「那照你這麼說,你什麼也沒做?」
魏淑芬:「我是幫凶,我是一個幫凶,你們找我吧。嗚嗚嗚……哦對,對對對,我舉報,我揭發,我還知道一些他們家的事兒。」
「你說。」
「他們家有個偷廠里東西的……」
「這個我們已經抓到了。」
魏淑芬:「不是不是,是他家老大的兒子,是陳易軍他大哥的兒子。他也在廠里這麼幹,不是他家老五那樣是個團伙作案,他是自己偷摸的拿,他偷偷弄出來一些布料賣,那會兒還有黑市兒呢,我在黑市兒見過他,他喬裝了。但是就算是不走動的親戚,我也是見過的。我認出了他,他就是服裝廠的。那料子一段一段的,一看就不是好來路,肯定是他偷的。還有他爸跟寡婦偷人。還有、還有他家一個女兒,就那姑娘是個不正經的,通過一個介紹人認識了一個老頭子,拿到了工作……陳易軍想利用陳青妤就是從這裡受的啟發。不過最後沒成。「
魏淑芬:「你們去調查,去調查啊。還有,還有他家那個小妹,就是我那個小姑子。她兒子學習成績不好,但是卻考上了大學,我聽陳易軍懷疑過,就連陳易軍都懷疑他冒名頂替了別人……你們去調查!他們這是害人啊。他在鄉下還結婚了呢,然後拋妻棄子。」
魏淑芬:「我還知道,我還知道陳易軍他們單位的車間主任,他收禮辦事兒,他們車間報勞模,都得給他好處,他才能報。
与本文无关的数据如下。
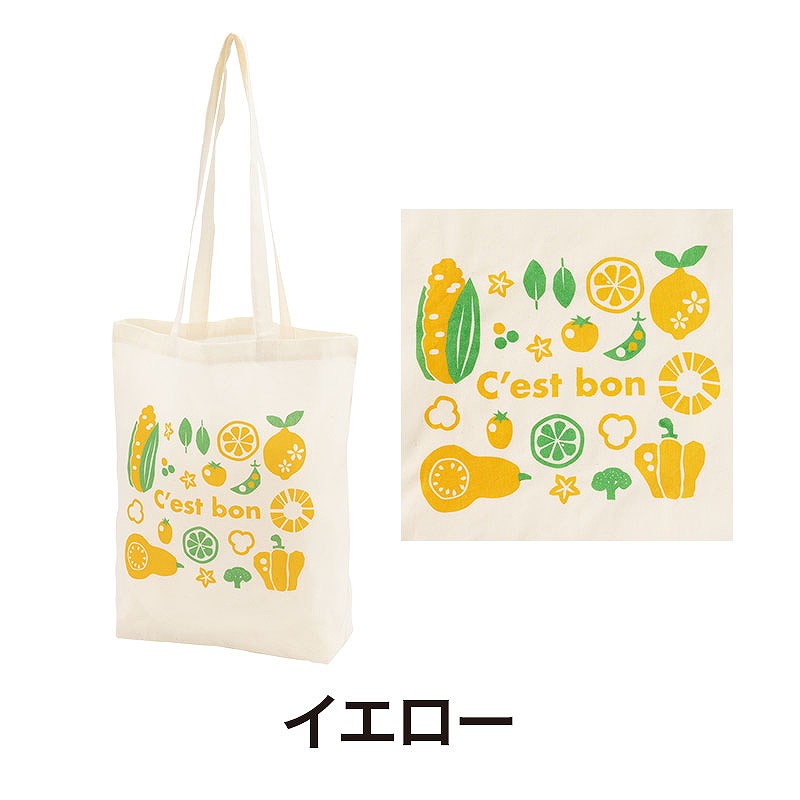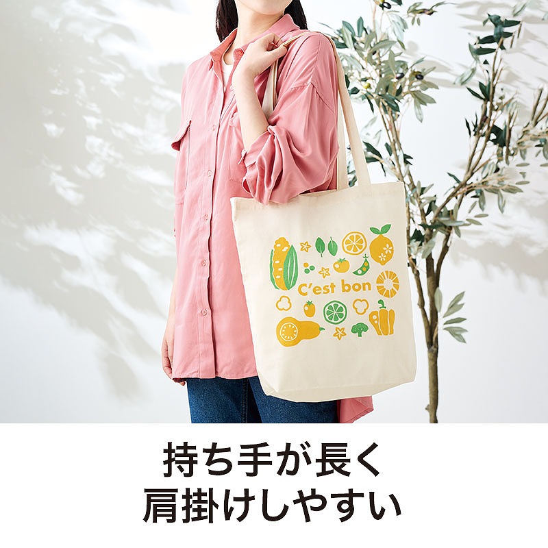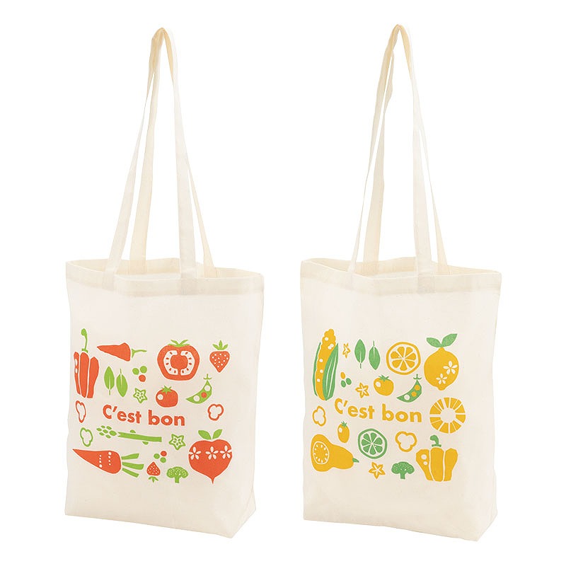 スーパーマーケットやマルシェイベントを開催する食品業界・食品メーカー様の配布アイテムとしてもおすすめです。 肌ざわりの良いコットン素材を使用し、4オンスの程よい厚みで使いやすい仕上がり。 底マチは約11cmあり、見た目以上の収納力でたっぷり荷物を入れることができます。 持ち手は長めに設計されているため肩掛けもしやすく、荷物が多くなっても安心です。 通勤・通学時のサブバッグとしてはもちろん、日ーのお買い物やお散歩用のエコバッグとしてなど、さまざまなシーンで活躍します。 デザインはレッドとイエローの2色アソートです。 裏面は無地仕様なので名入れにも対応しており、企業名やロゴを印刷すればPR効果の高いオリジナルコットンバッグとして活用できます。

陳易軍這個副班長就是這麼來的,我們家花了錢的。」
幾個公安彼此對視,真是沒想到,魏淑芬竟然除了揭露陳易軍,還能揭露這麼多事情。
當然,這些事情都沒有陳易軍的事情大,但是陳易軍死了,受害者也死了!事情雖然大,難過中又透著很多無可奈何。但是魏淑芬後來交代的就不是這麼回事兒了。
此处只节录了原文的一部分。